__Records shown__:
--- START ---

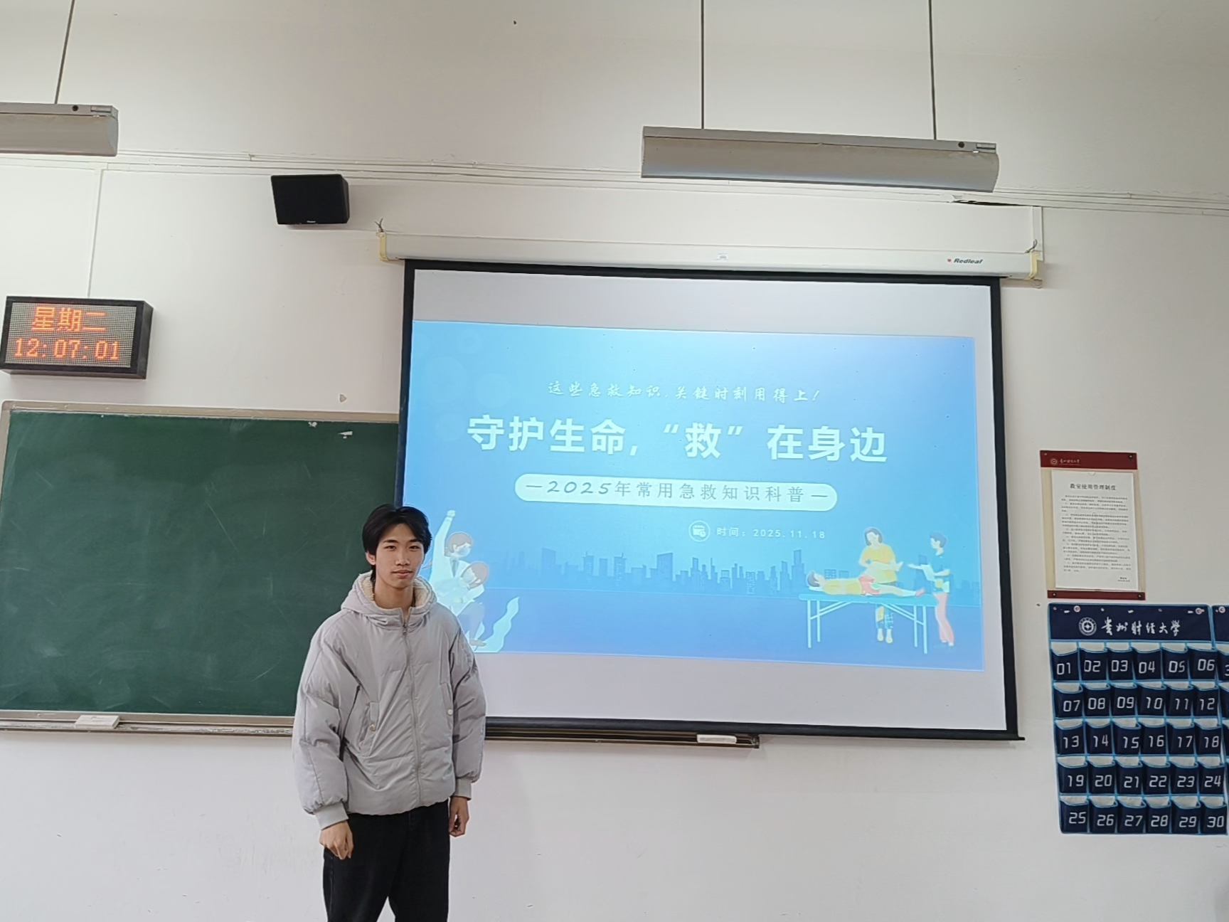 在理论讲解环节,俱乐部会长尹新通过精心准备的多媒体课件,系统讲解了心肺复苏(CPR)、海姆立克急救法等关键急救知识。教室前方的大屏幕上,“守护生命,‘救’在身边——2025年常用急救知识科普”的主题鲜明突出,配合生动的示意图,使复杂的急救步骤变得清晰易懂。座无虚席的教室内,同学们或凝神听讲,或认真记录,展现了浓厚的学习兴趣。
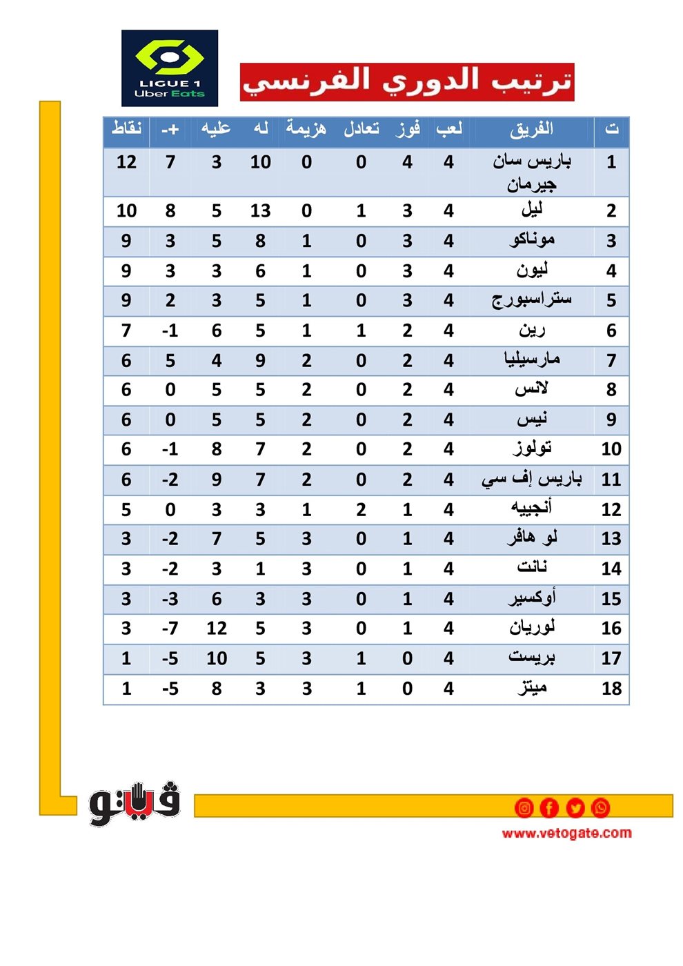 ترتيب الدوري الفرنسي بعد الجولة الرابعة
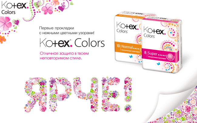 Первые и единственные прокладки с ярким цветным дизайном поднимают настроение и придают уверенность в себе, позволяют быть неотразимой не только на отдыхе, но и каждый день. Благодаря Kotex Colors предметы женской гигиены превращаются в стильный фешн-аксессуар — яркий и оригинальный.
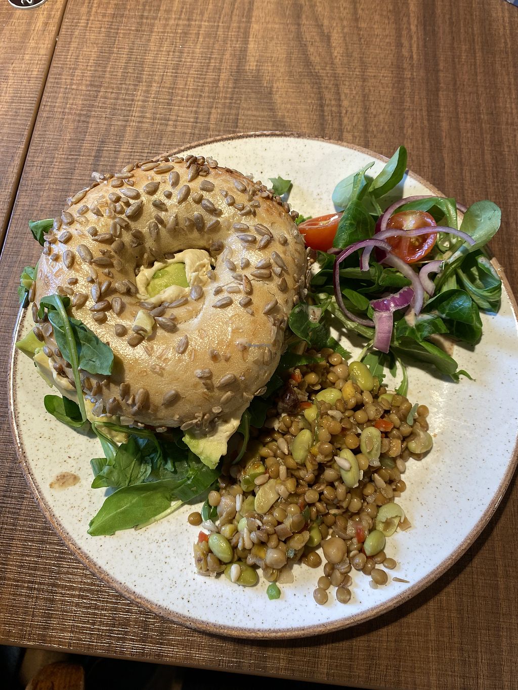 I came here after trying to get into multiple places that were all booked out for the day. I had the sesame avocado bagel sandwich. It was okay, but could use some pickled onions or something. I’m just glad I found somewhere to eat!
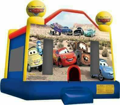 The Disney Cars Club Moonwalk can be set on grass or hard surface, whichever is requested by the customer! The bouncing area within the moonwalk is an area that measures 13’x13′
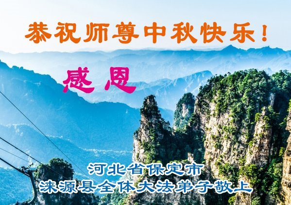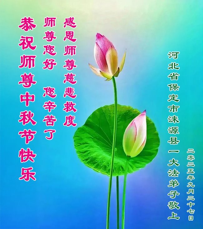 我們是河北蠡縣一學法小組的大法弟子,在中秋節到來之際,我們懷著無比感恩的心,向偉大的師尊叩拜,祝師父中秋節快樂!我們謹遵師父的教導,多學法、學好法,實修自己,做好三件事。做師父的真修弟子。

--- END ---

__Task directions__:
Write out nothing but the lines from the start of the data through the line with "ترتيب الدوري الفرنسي بعد الجولة الرابعة". Leave out the pictures.

__Answer space__:
 在理论讲解环节,俱乐部会长尹新通过精心准备的多媒体课件,系统讲解了心肺复苏(CPR)、海姆立克急救法等关键急救知识。教室前方的大屏幕上,“守护生命,‘救’在身边——2025年常用急救知识科普”的主题鲜明突出,配合生动的示意图,使复杂的急救步骤变得清晰易懂。座无虚席的教室内,同学们或凝神听讲,或认真记录,展现了浓厚的学习兴趣。
 ترتيب الدوري الفرنسي بعد الجولة الرابعة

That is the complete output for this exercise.